Businesses carrying their operation from GIFT city enjoy a ten year tax holiday i.e. they are exempt from paying income tax for ten years. The move to allow FPI to invest in the GIFT city comes as a relief to foreign investors, who were disturbed by our FM, Nirmala Sitharaman’s tax proposals in her maiden budget.
The new rules of SEBI state the FPIs trading in India’s stock market will face zero tax and no transaction charges will be levied if they register themselves with the IFSCs.
“Entities established in IFSC will be deemed to have met the jurisdiction criteria for FPIs,” SEBI’s press release stated on Wednesday after its board meeting in Mumbai.
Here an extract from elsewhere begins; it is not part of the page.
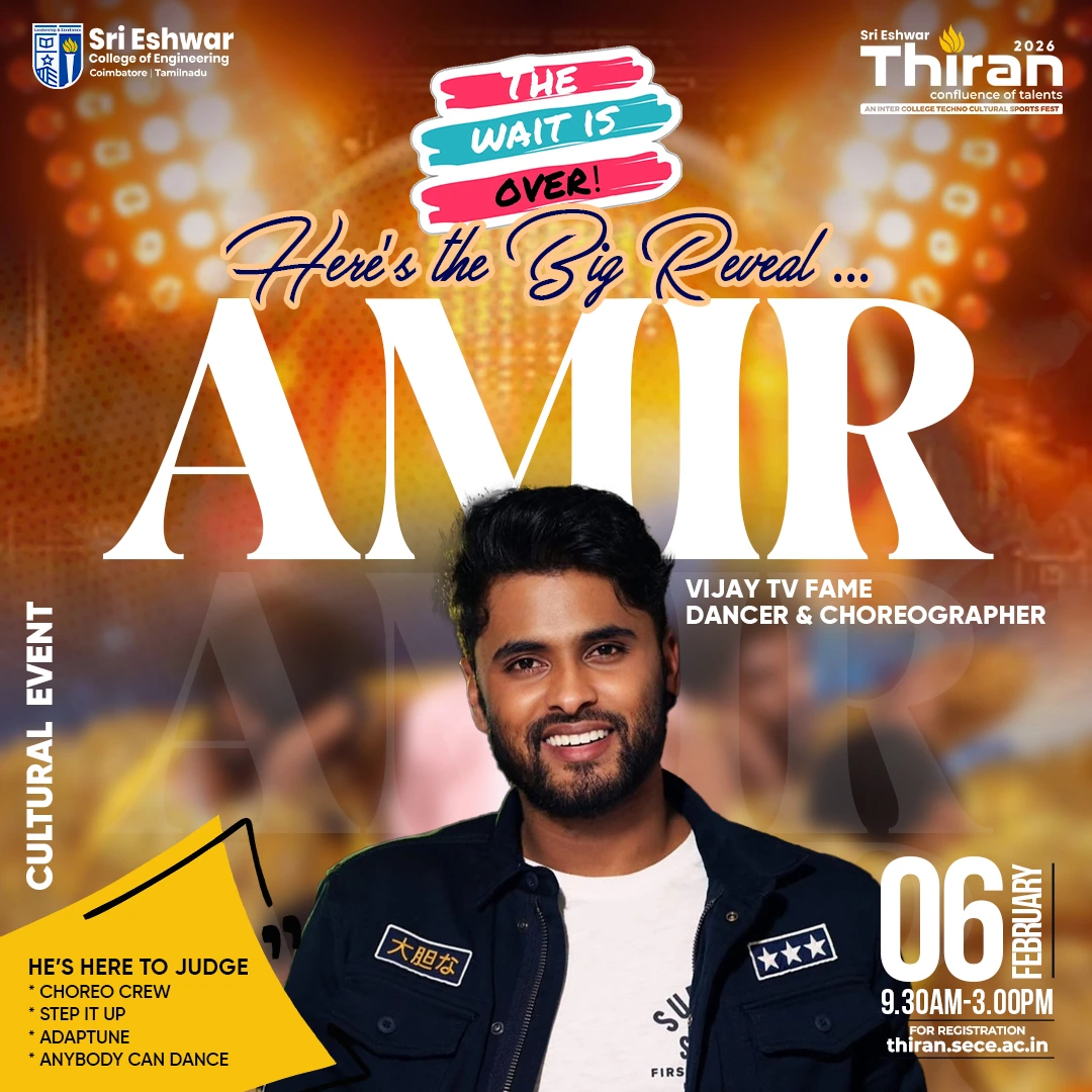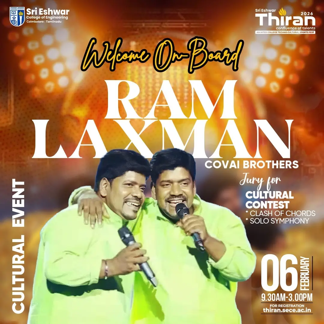 Sri Eshwar’s mega inter-college techno-cultural-sports fest is on its way! Students from all across the nation will be coming in to showcase their skills in every aspect – a confluence of talents in the truest sense! Participate in hackathons, attend workshops or masterclasses or test your skills in exciting tech and non tech challenges. It’s going to be non-stop tech-frenzy! At the end of each day, vibe with your friends as you enjoy mega celebrity performances. It’s going to be awesome!

No taxes, such as income tax, tax on LTCG or STCG, minimum alternate tax, dividend distribution tax, are levied on the GIFT city. The FPIs now trading on the BSE and the NSE will have to pay securities transaction tax (STT) only. However, if FPIs trade on the BSE and the NSE located in GIDT city, where no transaction tax is applicable, they will not have to pay STT also.
FPIs can trade derivative contracts in the GIFT city and buy shares on the NSE and the BSE in Mumbai. It will be similar to trading Nifty futures in Singapore stock exchange and cash it in the Indian market. However, the government will keep a check on round-tripping of money as the Prevention of money laundering act is applicable to FPIs in the GIFT city.
Moreover, SEBI has relaxed other registration and KYC norms for FPIs too. Even the top FPIs from GIFT city can issue participatory notes, favoured instruments by large investors.